Mise en service des cryopompes

Que le froid soit

Un jour ou l’autre, les ingénieurs concepteurs finissent par se muer en opérateurs de terrain. Ce jour est arrivé le 1er août dernier pour Alessandra Iannetti, chargée de gérer l’installation d’essai des cryopompes, pour Robert Pearce, qui contribue à la conception et à l’ingénierie des cryopompes depuis plus de trois décennies, ainsi que pour l’équipe cryopompes. Après des mois d’essai et d’étalonnage la cryopompe de préproduction, insérée dans la chambre à vide de l’installation, a été refroidie à ~5 K (environ moins 268°C, la température du vide intergalactique), des gaz ont été injectés pour simuler un plasma en exploitation et le processus de pompage a démarré.

Après la phase d’ingénierie, place à l’exploitation ! Au mois d’août, les spécialistes du vide et des systèmes cryogéniques de l’équipe cryopompes sont parvenus à refroidir la cryopompe de préproduction (un prototype également utilisable dans la machine) à ~5 K et ont lancé le processus de pompage après avoir injecté des gaz. Au moins quatre des huit cryopompes de production seront testées sur le même banc d’essai ces prochaines années.

Après avoir raccordé la cryopompe aux lignes cryogéniques, l’équipe a expérimenté le pompage en utilisant de l’hélium (le « déchet » de la fusion) et du néon, dont la courbe de pompage est similaire à celle du deutérium et du tritium, les combustibles de fusion. Il s’agissait de la dernière étape d’une procédure de mise en service qui avait débuté en janvier. « Les résultats ont dépassé nos attentes, s’exclame Alessandra Iannetti. Les équipes du vide et des systèmes cryogéniques ont travaillé en parfaite coordination, ce qui était essentiel pour cette réussite historique. »

Les cryopompes condensent les molécules de gaz sur des surfaces très froides, ce qui permet d’obtenir des niveaux de vide impossibles à atteindre avec les pompes mécaniques classiques. Leur action repose sur un principe de physique simple : la « sorption », en vertu duquel une molécule ou un atome qui entre en contact avec une surface poreuse extrêmement froide ralentit jusqu’à quasiment s’immobiliser.

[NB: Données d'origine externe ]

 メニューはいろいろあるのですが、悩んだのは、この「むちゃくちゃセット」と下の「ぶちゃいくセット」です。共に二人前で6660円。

La mise en œuvre de ce principe nécessite des technologies extrêmement pointues, mais aussi certains ingrédients naturels plus inattendus : les panneaux cryogéniques des pompes sont revêtus de charbon de noix de coco, dont la structure poreuse capte l’hélium plus efficacement que les matériaux de synthèse à très basse température.

Les six cryopompes du tore d’ITER doivent assurer une double mission : parfaire le haut degré de vide requis dans la chambre à vide avant la mise en route mais aussi évacuer les cendres d’hélium, le combustible non brûlé et l’intégralité des gaz de combustion pendant les tirs de plasma. Deux autres cryopompes seront installées sur le cryostat afin de produire le vide qui isolera thermiquement le système d’aimants de son environnement. Fournies par l’Europe, les huit cryopompes ont aujourd’hui été livrées.

« Nous devons maintenant nous assurer que les cryopompes de production présentent le même comportement que la cryopompe de préproduction », explique Alessandra Iannetti. L’usine cryogénique desservira aussi l’installation d’essai cryogénique des aimants, qui est en cours de construction, c’est pourquoi les créneaux d’essai des cryopompes seront limités à deux par an ces prochaines années, à compter de février 2026. Ceci devrait être suffisant pour tester au moins quatre cryopompes avant leur installation dans la machine.

« Nous avons tiré de nombreux et précieux enseignements des résultats techniques obtenus jusqu’à présent, ainsi que des opérations de gestion et de coordination opérationnelle, ce qui nous permet d’aborder avec confiance les prochaines phases du programme ITER », conclut-elle.